◆ Raw data ◆
····················
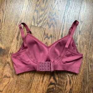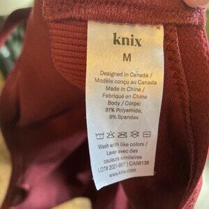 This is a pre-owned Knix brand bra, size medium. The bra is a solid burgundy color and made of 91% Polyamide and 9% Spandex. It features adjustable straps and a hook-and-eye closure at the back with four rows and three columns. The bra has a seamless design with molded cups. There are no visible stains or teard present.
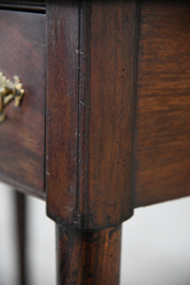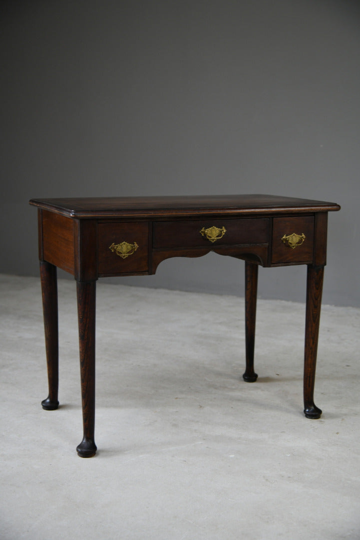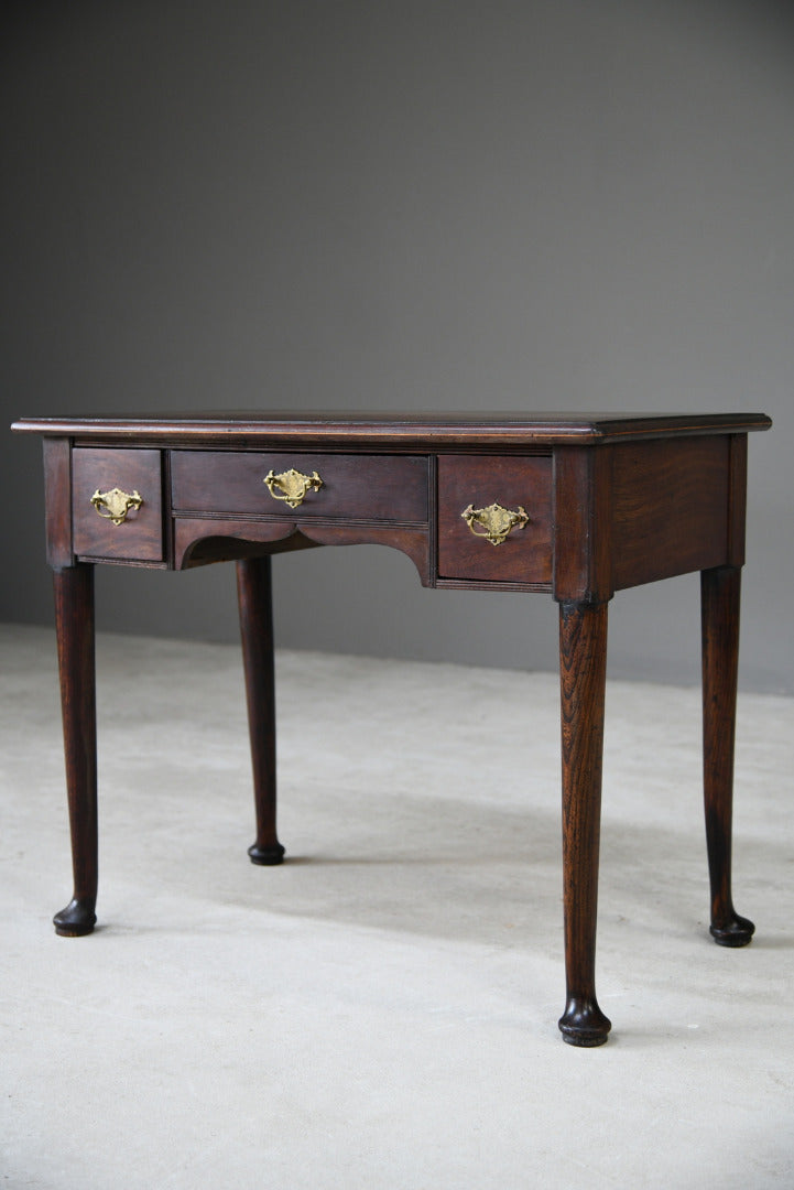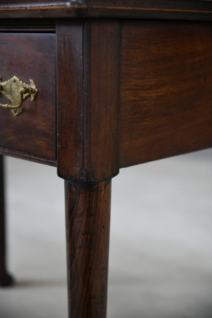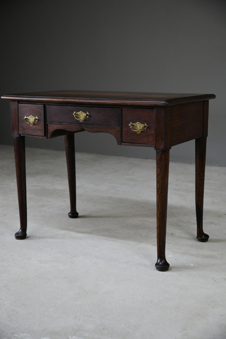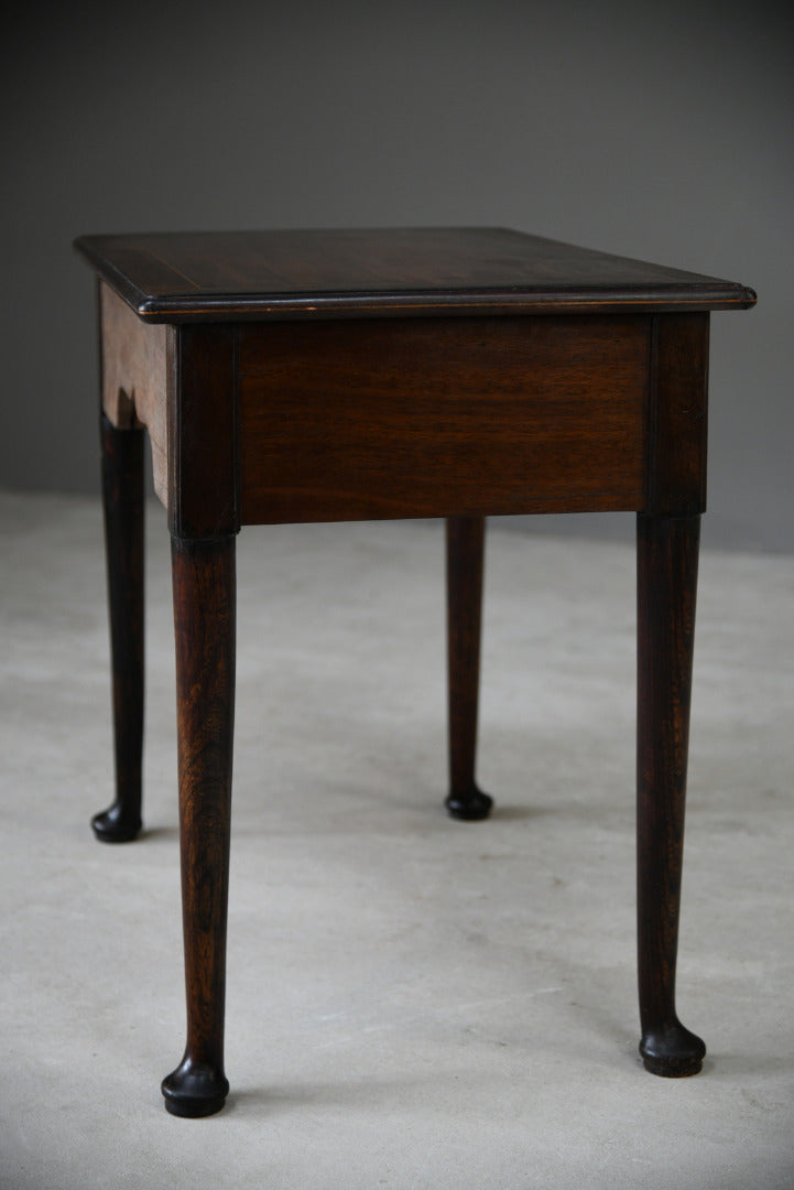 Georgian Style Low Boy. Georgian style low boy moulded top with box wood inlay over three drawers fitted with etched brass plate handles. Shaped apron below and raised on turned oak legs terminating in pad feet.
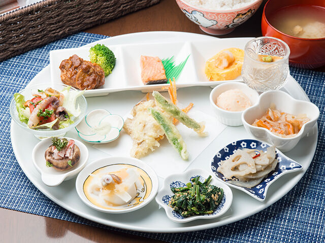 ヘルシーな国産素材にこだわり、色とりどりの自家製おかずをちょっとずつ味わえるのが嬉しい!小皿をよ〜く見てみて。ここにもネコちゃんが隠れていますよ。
····················
◆ Aim of the task ◆
All that is needed is the data above, repeated exactly, without the pictures.

◆ Answer to the problem ◆
 This is a pre-owned Knix brand bra, size medium. The bra is a solid burgundy color and made of 91% Polyamide and 9% Spandex. It features adjustable straps and a hook-and-eye closure at the back with four rows and three columns. The bra has a seamless design with molded cups. There are no visible stains or teard present.
 Georgian Style Low Boy. Georgian style low boy moulded top with box wood inlay over three drawers fitted with etched brass plate handles. Shaped apron below and raised on turned oak legs terminating in pad feet.
 ヘルシーな国産素材にこだわり、色とりどりの自家製おかずをちょっとずつ味わえるのが嬉しい!小皿をよ〜く見てみて。ここにもネコちゃんが隠れていますよ。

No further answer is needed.